On Wednesday, 14 August 2013 at 03:16:08 UTC, Jeremy DeHaan wrote:
On Wednesday, 14 August 2013 at 02:53:43 UTC, jicman wrote:
Greetings.
import std.stdio;
void main()
{
char[] str = "不良反應事件和產品客訴報告"; // 13 chinese characters...
writefln(str.length);
}
this program returns 39. I expected to return 13. How do I
know the exact length of the characters that I have in a
char[] variable? Thanks.
josé
What version of DMD are you using? This code doesn't even
compile for me. It gives me errors about not being able to
convert type string to char[], like it should since a string
literal is immutable data. To test the code I changed char[] to
string. I also got an error for "writefln(str.length);" so I
just changed that to "writeln(str.length);"
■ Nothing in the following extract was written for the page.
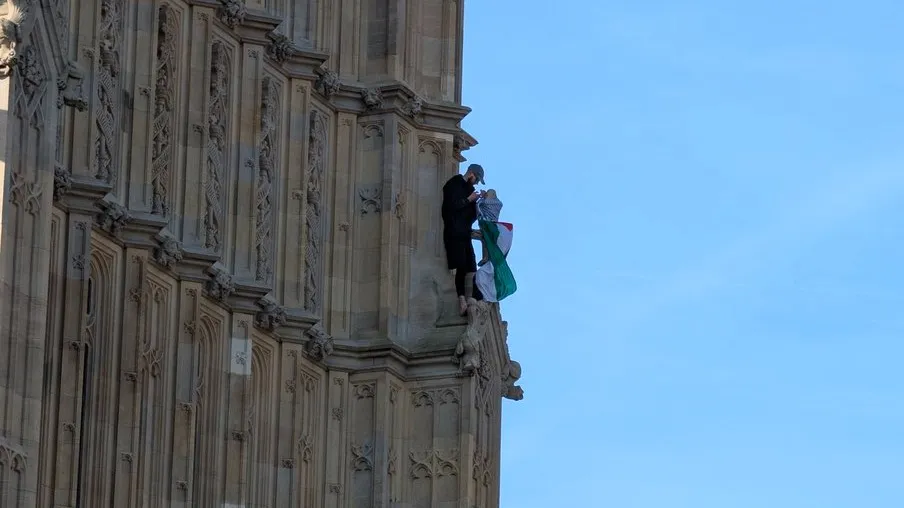 Мужчина залез на башню Биг-Бена в Лондоне с флагом Палестины

Anyways, from what I understand, the reason you get this is
because each of those characters is greater than a single 8
byte representation. D's chars are utf-8, so that means it
takes more than a single char to store the data needed to
represent one of the chinese characters. str.length will give
you the length of the string with respect to each char it
contains. You have 13 characters in your string, but you need
39 chars to store the data to represent them.
Alternatively, you can use a different encoding to see the
actual number of characters in your string, eg. wstring or
dstring. I usually use dstrings when working with unicode
personally.
This is D1. Forgot to mention that. I am still in the old ages.
:-) thanks for the insight. I figured that much, but I need to
know go and try to figure out what to do with both western
character set as well as the asian, hebrew, etc. Thanks.